久我氏は「データの正確性を保つために入力ルールの明文化、上司チェックなど仕組み化を徹底しているものの、100%を目指さないことも重要だ」と話す。
「いくらデータドリブンな営業とはいえ、完璧主義はよくありません。そもそもSalesforceの最初の失敗は完璧を追求しすぎたことでした。私たちはよく『数字だけで人を叩くな』と注意していますが、大切なのは『営業目標を達成する』というゴールを明確にすることなのです」
最終的に久我氏らの地道な努力は10年におよんだ。だがその成果が実り、売上高は10年前に比べて大幅に成長している。
営業のもつ「ポテンシャル」を最大化させる
久我氏は営業目標を達成するために大切なこととは、限りある時間を「いかに効率化し、最大化するかだ」と振り返る。
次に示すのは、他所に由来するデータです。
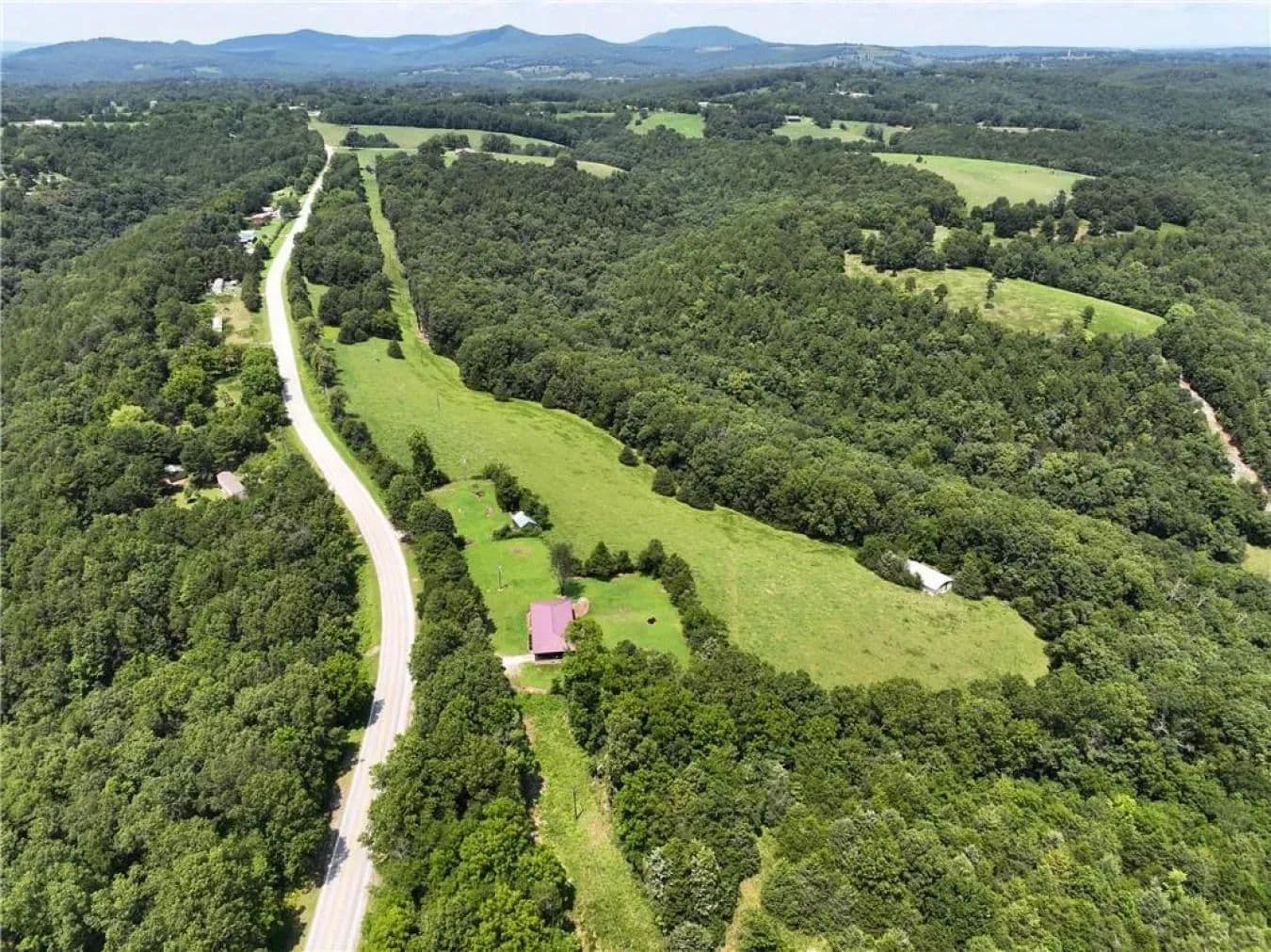 This 21.68-acre tract in Hasty, Arkansas offers a rare combination of natural beauty, usable land, and development potential in the heart of Newton County. With over 700 feet of frontage along Highway 123, the property is easily accessible and offers the flexibility to divide or build directly from the highway. Located just 9.5 miles from Western Grove, it's close enough for convenience while still offering the peace and quiet of a rural setting. The land is a mix of open pasture and wooded areas, with a variety of topography that includes gently rolling hills, steeper slopes, and flat sections ideal for building. Scenic views overlook a creek bottom, stream, and a small pond-making it a great choice for nature lovers, homesteaders, or anyone seeking a retreat in the Ozarks. A rustic cabin(no utilities, glamping only) and a good-sized barn are already on-site, adding to the property's charm and utility. Interior roads lead to the creek bottom, though some clearing may be required for full access. Public water is available at the road, and with no deed restrictions, the possibilities are wide open. Mobile homes are allowed, and the mix of cleared pasture and mature hardwoods make it suitable for livestock, agriculture, or timber. Whether you're looking to build, farm, hunt, or simply enjoy the beauty of Newton County, this property offers a strong foundation for your vision.

「営業にとって最も大切な資本は『時間』です。だからこそ、無駄に使うのではなく、どうすればその価値を最大化できるか考えるべきではないでしょうか。無駄を省くにはまずボトルネックを知る必要があります。正しいデータがあれば、どこにフォーカスすべきか見えてきますから、どんどんPDCAのサイクルが早まっていくでしょう」
ともすれば精神論だけで語られがちな「昭和スタイルの営業」に頼っていたウイングアーク。しかし、合理的で現代的な「データドリブンな営業」へと進化したおかげで社員の定着率も高まり、採用もしやすくなったという。今では辞めていった社員が復職する機会も増えてきた。
最後に久我氏は「これまでの日本企業は営業とマーケティングが分離しているケースが多かったでしょう。しかしこれからの経営では、数字に基づいてボトルネックを探り、弾力的に両者が一体となって利益の最大化を図るレベニューマネジメントが大事になってくると思います」と締めくくった。